Don’t expect me to celebrate the Senate’s mild watering dow of the fetal-pain abortion ban yesterday. Senate Bill 72 is still a bad bill, based on bad science, and treading where the Legislature has no right to tread, on women’s constitutional right to control their own bodies and decide whether or not to carry a pregnancy to term.

Senate Minority Leader Billie Sutton and Senator Jim Peterson (from District 4, where abortion-distraction politics is a blood sport) forgot where they hang their hats and voted for the now 22-week abortion ban. But the rest of the Democrats and eight Republicans voted against SB 72. Republican Senator Deb Peters channeled my thoughts nicely:

“I will tell you that we have no businesses passing pieces of legislation like this, that gets in the way of family decisions, and the family decision between the mother, and the family, and the doctor,” Peters says. “This is personal folks. Yes, we’re trying to protect that unborn child. But I will tell you that families in this state are also trying to protect that unborn child. This bill has no business being here today” [Jenifer Jones, “Senators Pass Bill Banning Abortions After 22 Weeks,” SDPB Radio, 2016.02.23].

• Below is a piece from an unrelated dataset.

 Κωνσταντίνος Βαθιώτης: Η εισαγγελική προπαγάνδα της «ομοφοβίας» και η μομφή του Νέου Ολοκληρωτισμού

Thank you, Senator Peters, for being willing to push back against the abortion distractors who would have government intrude on families’ medical decisions and impose one group’s anti-sex agenda on every woman in the state.

22 Comments

  1. Tim 2016-02-24 07:38

    Great, more of our tax dollars wasted in court defending bad legislation.

  2. Mark Winegar 2016-02-24 07:52

    This is very disappointing news. When will legislators begin to pay attention to science? The American Medical Association disagrees with the assumption that infants are capable of feeling pain before the third trimester.

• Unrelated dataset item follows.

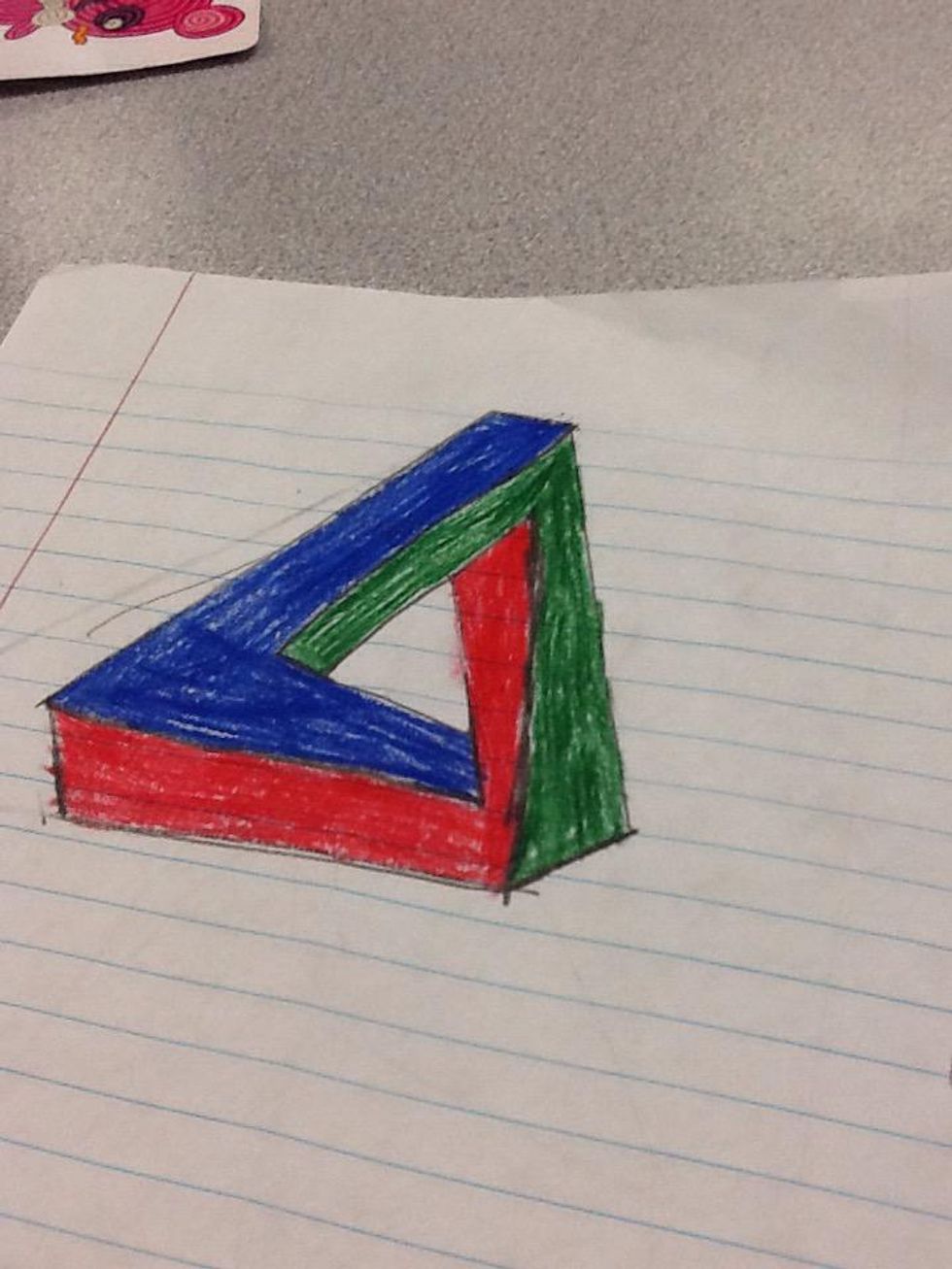 Draw a triangle with flat corners.Draw a small triangle inside of the already drawn triangle.Draw lines connecting the edges of the small triangle to the corner of the bigger triangle.

  3. Darin Larson 2016-02-24 08:37

    How does a no regulation, small government, stay out of our business, Republican controlled state senate reconcile passing the most invasive far-reaching government intrusion into the medical and personal decisions of women, families and their doctors? How do you say keep government out of my business on the one hand, but put government squarely in the relationship between a woman and her doctor on the other? How do you say don’t over-regulate financial markets, guns, the environment, CAFO’s and property rights, but force a woman to take a non-viable fetus to term? Hypocrisy does not even begin to cover this.

    I would encourage everyone to watch the debate that took place on this bill. It is shocking to me that the proponents of this bill would ignore the advice from the AMA, doctors, nurses and medical professionals and ignore the powerful and emotional stories of how this bill would interfere with deeply personal decisions at often the most difficult time of one’s life. The proponents of this bill don’t care about narrowly crafting regulation of abortion. It is an ideological war for them and to heck with the consequences to women and families.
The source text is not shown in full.